The Zig Zag indicator lowers the impact of random price fluctuations and is used to help identify price trends and changes in price trends. Here is how to use Zig Zag indicator in trading and the most popular Zig Zag trading strategies.

The Zig-Zag indicator is a basic tool that analysts use to find out when a security trend is reversing. Determining the support and resistance areas, helps to identify significant changes in price while filtering out short-term fluctuations, thus eliminating the noise of everyday market conditions. It is an excellent tool for any trader who follows indicators that use swing highs and swing lows. 

How to use this Zig-Zag trading guide

To get the most out of this guide, it’s recommended to practice putting this ZigZag indicator trading strategy into action. The best risk-free way to test these strategies is with a demo account, which gives you access to our trading platform and $50,000 in virtual funds for you to practice with. 

Once you’ve found a strategy that consistently delivers positive results, it’s time to upgrade to a fully funded live account where you can apply your newfound edge. 

   

What is the ZigZag indicator? 

The ZigZag indicator is a technical indicator that lowers the impact of random price fluctuations and is used to help identify price trends and changes in price trends. 

The ZigZag indicator plots points on the chart whenever prices reverse by a percentage greater than a pre-chosen variable. Straight lines are then drawn, connecting these points. The indicator is used to help identify price trends. It eliminates random price fluctuations and attempts to show trend changes. ZigZag lines only appear when there is a price movement between a swing high and a swing low that is greater than a specified percentage; often 5%. By filtering minor price movements, the indicator makes trends easier to spot in all time frames.  

What is the ZigZag indicator
Source: CAPEX WebTrader

ZigZag Parameter Settings 

The Zigzag parameters are very important to cover enough price data so the indicator can display zigzag waves on your chart. 

These are the Zigzag parameters input that you need to figure out:

Depth – refers to how far back in the chart bar series it will look. In order to get the highs and lows defined you need to make sure you have enough “Depth.”Deviation – what percentage in price change does it take to change the trendline from positive to negative.Backstep - the minimal number of bars between swing highs and lows.

It’s important to play around with these ZigZag settings until you find the ones that suit your trading style. 
 
But, if the ZigZag parameters are set too tight, you can have a zigzagging effect. But we want to have a broader view of what the true swing high and swing low are. 
 
When you set the Zigzag parameters you should be looking at three things: 

Price symmetry should give you nice and uniformly matched wave harmonics, namely the AB=CD pattern.Wave depth which should give you a good depth of waves between the swing highs and lows.Stepping price level should make sure that you’re able to spot a trend

 The zigzag indicator is one of the default technical indicators that come with your trading platform offered by the best CFD & Forex brokers. 

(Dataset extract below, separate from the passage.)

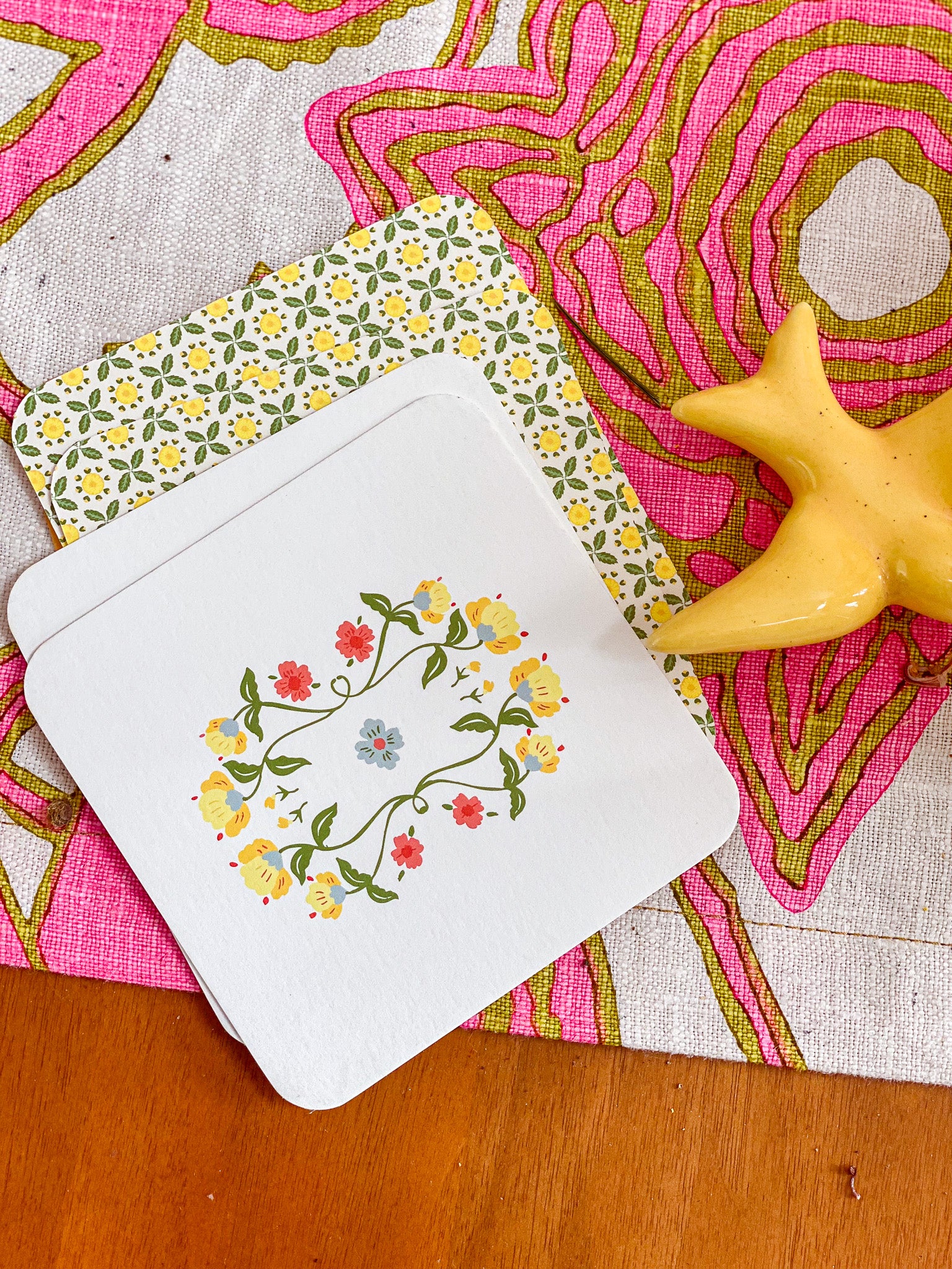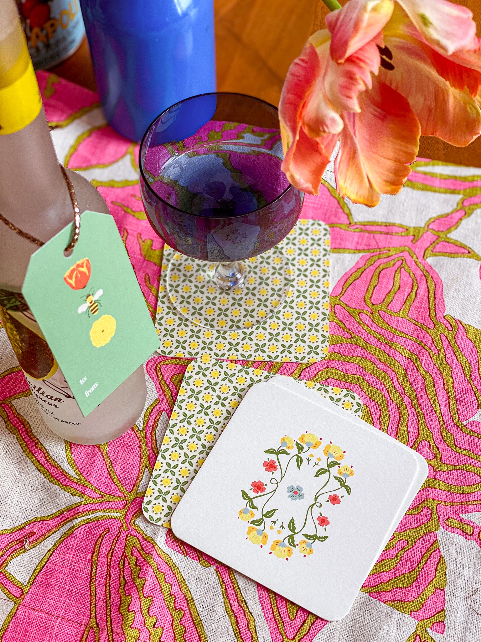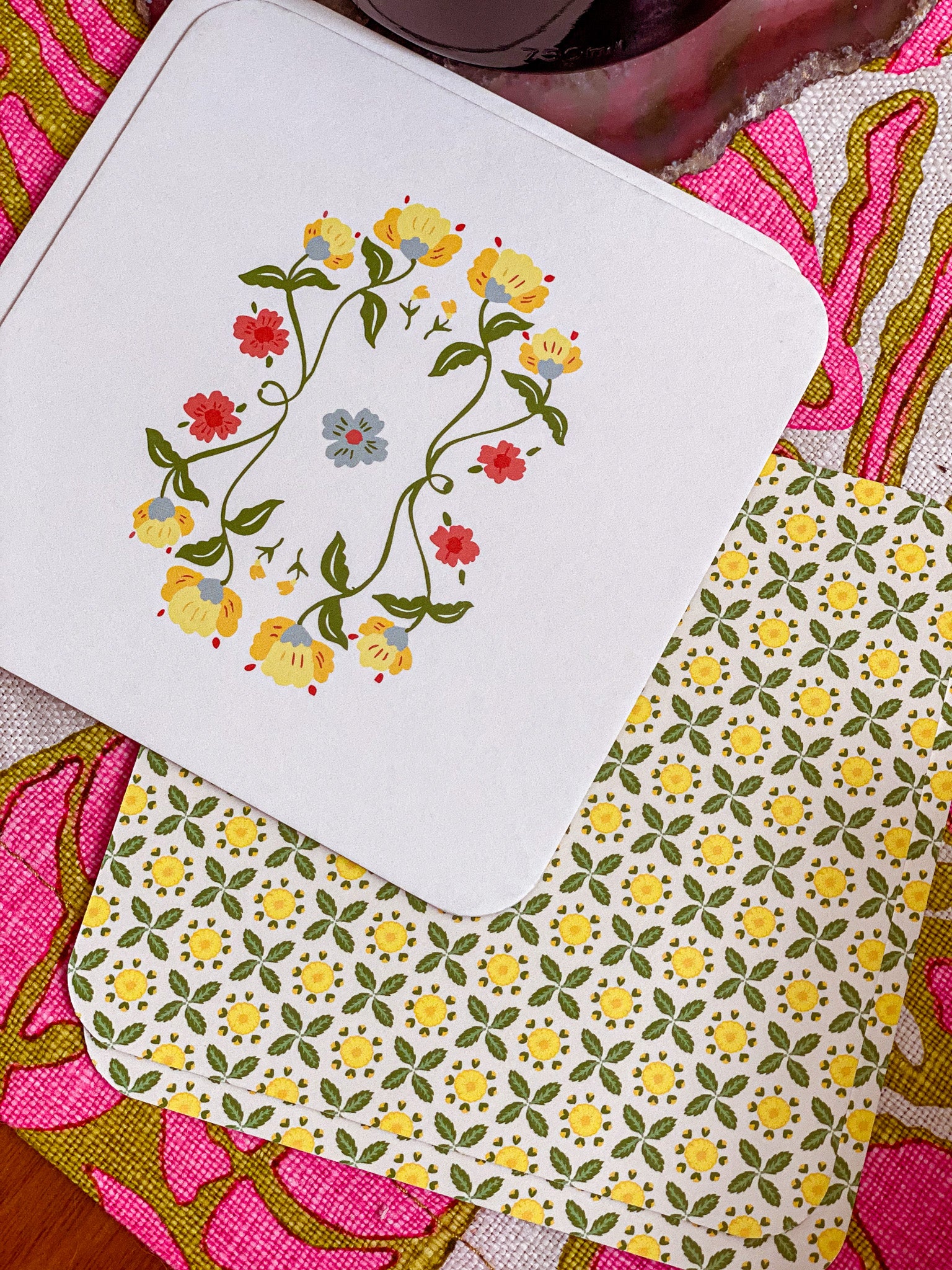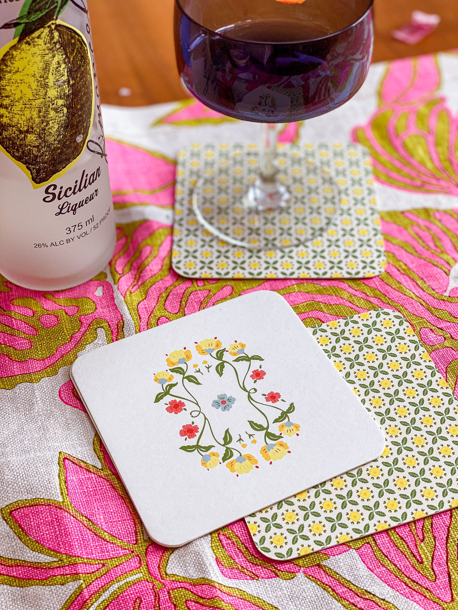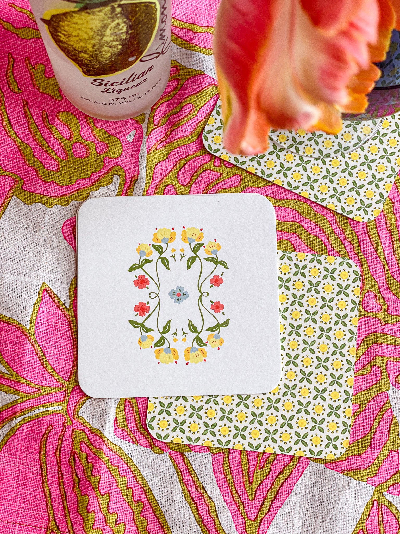 Our Positano double-sided coaster sets add a touch of Italian coastal charm to your home entertaining. Brighten up your table scape for Spring and Summer parties with these double thick paper coasters featuring a mirrored floral sprig motif on one side and our lemon floral grid pattern on the other. Save table surfaces in style for Mother's Day, Easter, birthdays, baby and bridal showers or any special occasion. Or include them in gift bags for party favors.

The ZigZag indicator allows for huge versatility in technical analysis. ZigZag can be used for: 

  • Spotting double tops and double bottoms 
  • Entry points 
  • Fibonacci tools 
  • Harmonic patterns 
  • Channels and chart patterns 
  • Multiple ZigZag charting 
  • Wolfe Waves 
  • Keltner Channels 

The ZigZag indicator is available on our online trading platform, WebTrader. Our award-winning platform allows traders to customize technical indicators and tools, add drawing tools to price charts and graphs, and identify chart patterns in order to improve their trading strategy  

The ZigZag Indicator Formula  

ZigZag (HL, %change=X, retrace=FALSE, LastExtreme=TRUE) 

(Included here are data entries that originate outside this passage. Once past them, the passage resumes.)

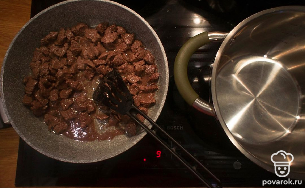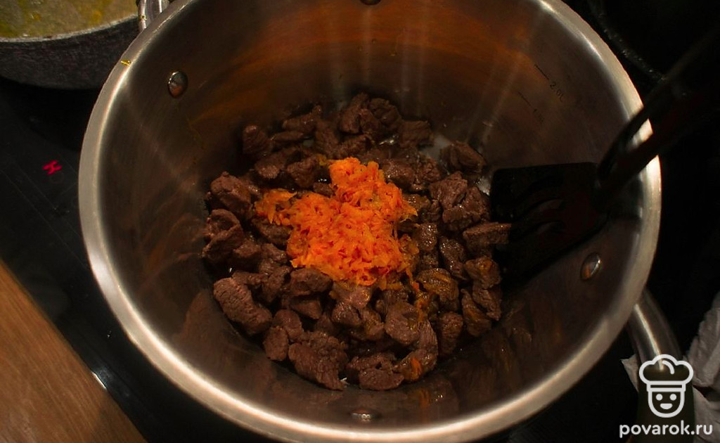 Когда обжарится мясо, переложите его в кастрюлю вместе с соком, которое выделилось из мяса.
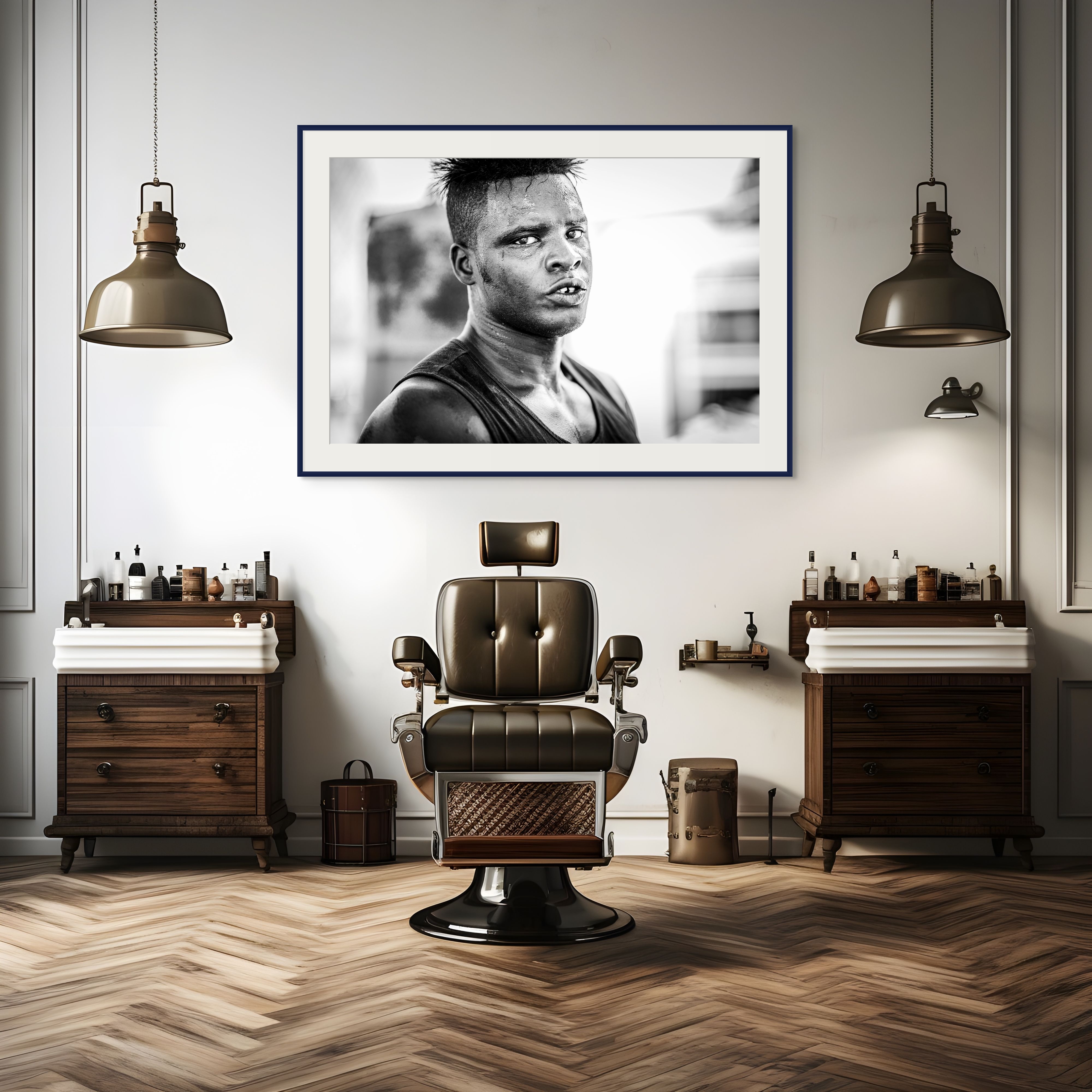 This photograph excels in conveying a story of resilience or exertion, encapsulating a moment of vulnerability and strength. The composition is both intimate and provocative, inviting the viewer to ponder the narrative behind the man’s expression.
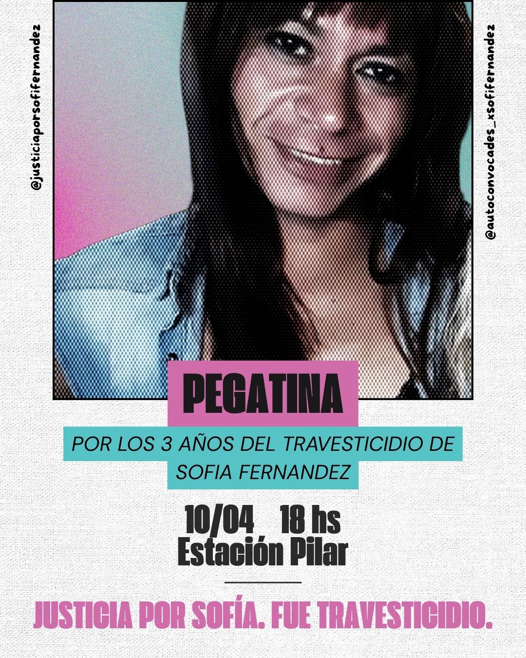 Familiares y amigos de Sofía realizarán este viernes 10 de abril, a partir de las 18, actividades de difusión para recordarla y seguir reclamando justicia en la Estación de Pilar. Sofía era una mujer trans que en abril de 2023 fue detenida acusada de un delito y apareció muerta en el interior de un calabozo de la comisaría 5° de Derqui, Pilar. La versión policial habló de suicidio pero, desde un primer momento, la familia y compañeras denunciaron su travesticidio.
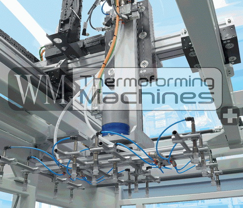 WM Wrapping Machinery SA designs and manufactures complete range of thermoforming plants including in-mould trimming machines with lower tilting platen and complete IN LINE solutions with dedicated extruders and calenders and peripheral units as dosing and scrap re-grinding groups.

If %change>=X,plot ZigZag 

where: 

  • HL = High-Low price series or Closing price series  
  • %change = Minimum price movement, in percentage
  • Retrace = Is change a retracement of the previous move or an absolute change from peak to trough?
  • Last Extreme = If the extreme price is the same over multiple periods, is the extreme price the first or last observation?  

How To Calculate the ZigZag Indicator

  1. Choose a starting point (swing high or swing low). 
  2. Choose % price movement. 
  3. Identify the next swing high or swing low that differs from the starting point = > % price movement. 
  4. Draw a trendline from starting point to a new point. 
  5. Identify the next swing high or swing low that differs from the new point = > % price movement. 
  6. Draw a trendline. 
  7. Repeat to the most recent swing high or swing low. 

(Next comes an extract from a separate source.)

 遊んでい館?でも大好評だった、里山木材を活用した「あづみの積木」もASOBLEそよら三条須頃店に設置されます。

How to use the Zig-Zag indicator? 

The ZigZag combination with the Elliott Wave Theory helps traders determine the positioning of each wave in the overall cycle. Traders can experiment with different percentage settings to see what gives the best results. For example, a setting of 4% may define waves more clearly than a setting of 5%. Stocks have their own patterns, so it is likely that traders will need to optimize the ZigZag indicator’s percentage setting to suit those currency pairs. 

Although the Zig Zag indicator does not predict future trends, it helps to identify potential support and resistance lines between plotted swing highs and swing lows. ZigZag lines can also reveal reversal patterns, i.e. double tops and bottoms, rising and falling wedges, and head and shoulders. Traders can use popular technical indicators like relative strength index (RSI), ADX, and Stochastics oscillator to confirm the price of a security is overbought or oversold when the ZigZag line changes direction. 

A momentum trader might use the indicator to stay in a trade until the ZigZag line confirms in the opposite direction. For example, if the trader holds a long position, they would not sell until the ZigZag line turns downward. 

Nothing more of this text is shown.